__Working data__.

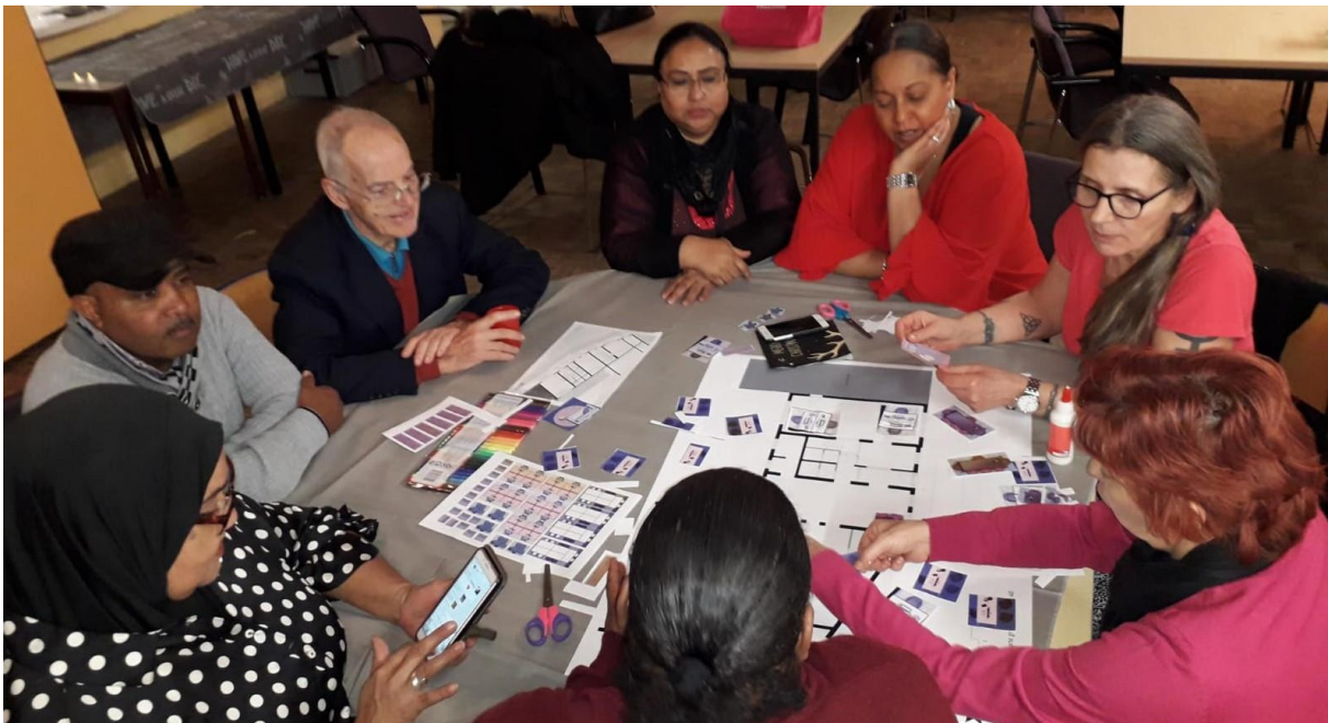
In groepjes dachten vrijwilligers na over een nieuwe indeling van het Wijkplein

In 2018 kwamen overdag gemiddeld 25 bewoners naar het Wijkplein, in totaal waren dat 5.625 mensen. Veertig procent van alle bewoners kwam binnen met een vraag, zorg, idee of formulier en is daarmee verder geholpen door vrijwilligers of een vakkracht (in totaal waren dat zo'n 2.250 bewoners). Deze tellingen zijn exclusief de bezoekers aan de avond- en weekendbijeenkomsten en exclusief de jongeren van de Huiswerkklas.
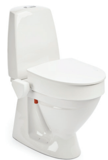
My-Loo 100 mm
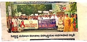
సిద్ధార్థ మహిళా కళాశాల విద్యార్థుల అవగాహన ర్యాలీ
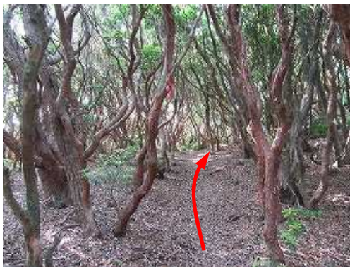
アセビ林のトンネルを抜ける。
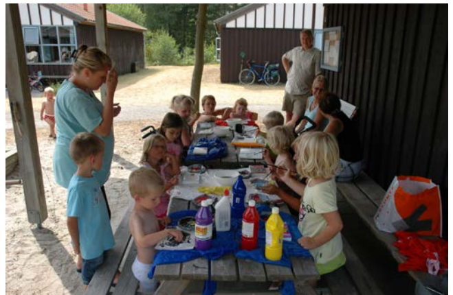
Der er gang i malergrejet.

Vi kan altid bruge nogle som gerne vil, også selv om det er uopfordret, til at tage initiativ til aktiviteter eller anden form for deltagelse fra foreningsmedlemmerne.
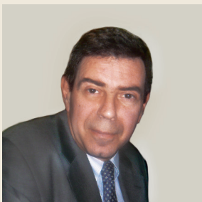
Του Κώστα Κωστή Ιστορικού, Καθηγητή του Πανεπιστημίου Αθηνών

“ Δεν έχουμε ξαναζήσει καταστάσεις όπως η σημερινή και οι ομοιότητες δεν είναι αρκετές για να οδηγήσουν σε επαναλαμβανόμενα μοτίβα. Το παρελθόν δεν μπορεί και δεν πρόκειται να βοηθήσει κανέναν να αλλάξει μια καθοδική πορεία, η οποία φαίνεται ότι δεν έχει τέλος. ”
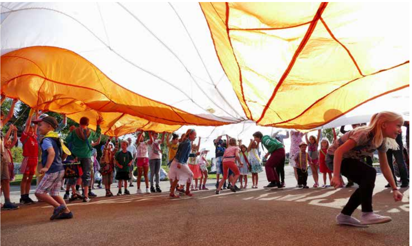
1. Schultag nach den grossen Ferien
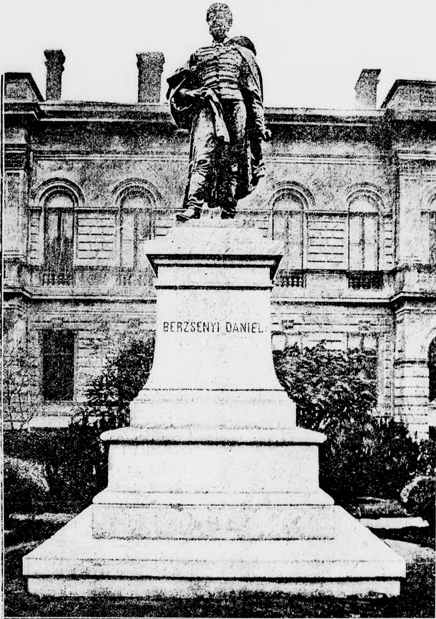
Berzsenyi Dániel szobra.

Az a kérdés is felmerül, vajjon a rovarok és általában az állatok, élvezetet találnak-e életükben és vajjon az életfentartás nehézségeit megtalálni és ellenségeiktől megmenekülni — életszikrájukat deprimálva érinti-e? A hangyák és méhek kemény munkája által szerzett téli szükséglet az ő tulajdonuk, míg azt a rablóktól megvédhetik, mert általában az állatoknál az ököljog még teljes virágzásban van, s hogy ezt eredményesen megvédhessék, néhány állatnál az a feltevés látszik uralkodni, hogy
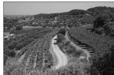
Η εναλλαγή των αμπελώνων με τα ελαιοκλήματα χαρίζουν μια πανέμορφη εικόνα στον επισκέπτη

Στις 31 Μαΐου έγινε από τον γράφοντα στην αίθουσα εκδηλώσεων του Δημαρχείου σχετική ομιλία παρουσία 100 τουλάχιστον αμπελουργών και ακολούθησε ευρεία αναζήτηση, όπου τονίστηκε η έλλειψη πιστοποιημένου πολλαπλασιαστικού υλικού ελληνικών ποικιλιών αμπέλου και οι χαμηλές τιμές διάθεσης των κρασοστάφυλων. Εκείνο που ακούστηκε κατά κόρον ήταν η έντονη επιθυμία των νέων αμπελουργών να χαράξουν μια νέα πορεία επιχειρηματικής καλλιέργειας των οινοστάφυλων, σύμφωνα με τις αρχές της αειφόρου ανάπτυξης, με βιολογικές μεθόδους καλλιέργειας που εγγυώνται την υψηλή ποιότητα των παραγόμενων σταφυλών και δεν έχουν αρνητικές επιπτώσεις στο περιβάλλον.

__What you should do__. Once the lines of the entries containing the word "Wijkplein" have been counted, report the number alone.

__Written answer__. 2